[[ Exercise data open ]]

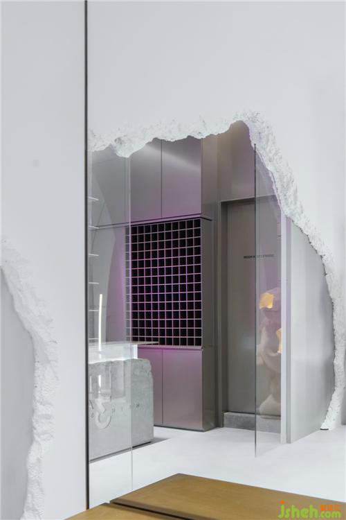 穿過時空長廊,時空維度變成了一個明亮、虛幻且充滿潔凈的空間,充滿未來無限可能性。兩點成一弧,形成教堂元素的夾角,時空維度的邊界墻面,既是設(shè)計靈感的象征之一,又是對破碎墻體的隱喻。
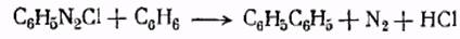 Дифенил и его производные можно также получить прибавлением сухого хлористого арилдиазония к ароматическому углеводороду, например бензолу или нафталину, смешанному с некоторый количеством безводного хлористого алюминия. Таким образом при взаимодействии хлористого фенилдиазония с бензолом образуется дифенил, а с нафталином — смесь а- и р-фенилнафталинов. Этот способ был использован также для получения фенилпиридина и фенилхинолина, причем в этих случаях отпадала необходимость прибавления хлористого алюминия
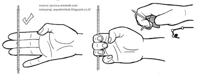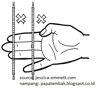 Lanjut ke cara megang string. Harus pake finger tab ya, biar gak terlalu sakit tangannya. Di gambar ini finger tab gak diliatin biar jelas posisi jarinya.
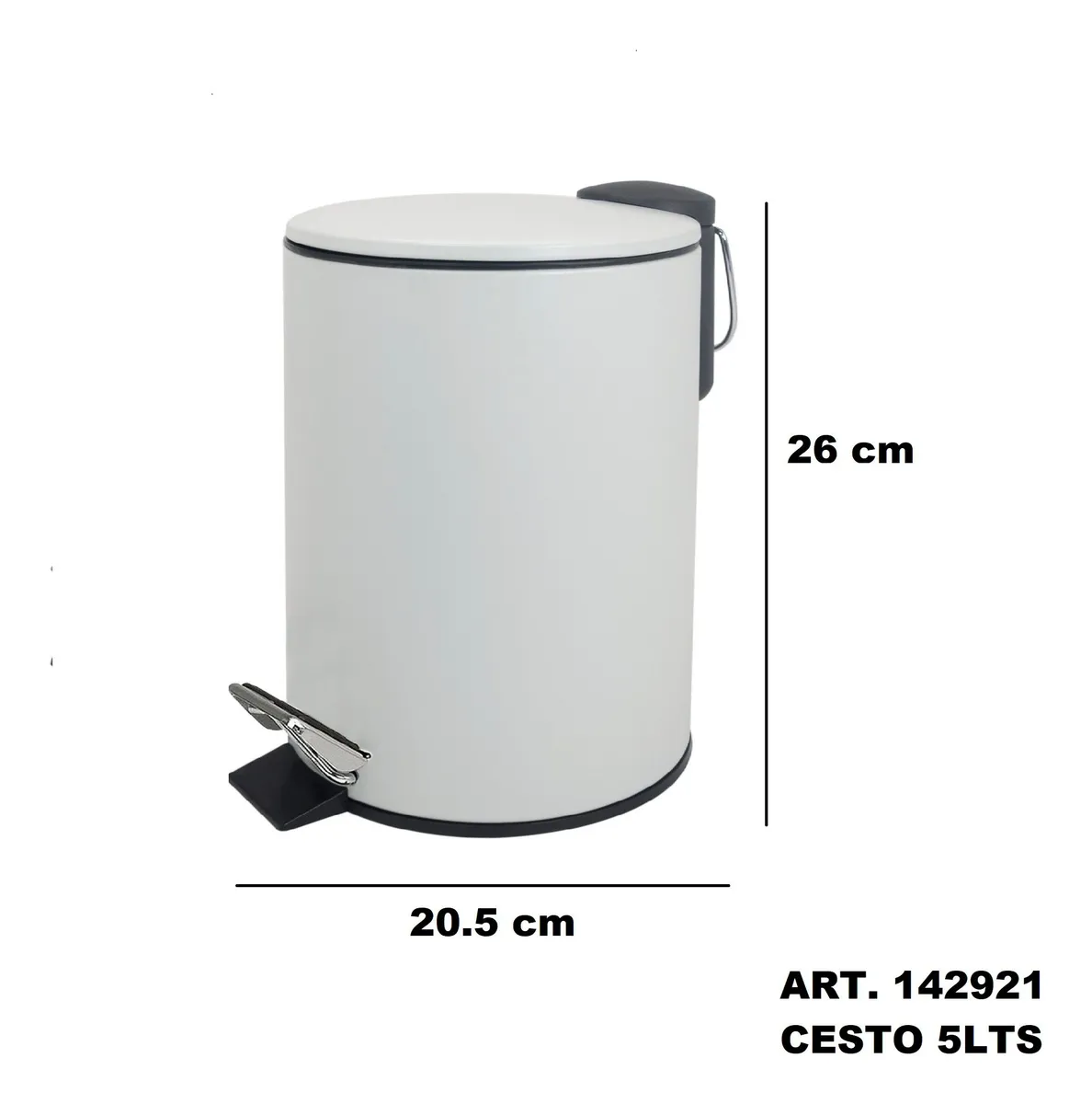 Cesto Tacho Basura 5 Lts Blanco Mate Redondo Cierre Suave

[[ Exercise data closed ]]

[Brief]
Please repeat the listing above word for word, with the pictures removed.

[Answer section]
 穿過時空長廊,時空維度變成了一個明亮、虛幻且充滿潔凈的空間,充滿未來無限可能性。兩點成一弧,形成教堂元素的夾角,時空維度的邊界墻面,既是設(shè)計靈感的象征之一,又是對破碎墻體的隱喻。
 Дифенил и его производные можно также получить прибавлением сухого хлористого арилдиазония к ароматическому углеводороду, например бензолу или нафталину, смешанному с некоторый количеством безводного хлористого алюминия. Таким образом при взаимодействии хлористого фенилдиазония с бензолом образуется дифенил, а с нафталином — смесь а- и р-фенилнафталинов. Этот способ был использован также для получения фенилпиридина и фенилхинолина, причем в этих случаях отпадала необходимость прибавления хлористого алюминия
 Lanjut ke cara megang string. Harus pake finger tab ya, biar gak terlalu sakit tangannya. Di gambar ini finger tab gak diliatin biar jelas posisi jarinya.
 Cesto Tacho Basura 5 Lts Blanco Mate Redondo Cierre Suave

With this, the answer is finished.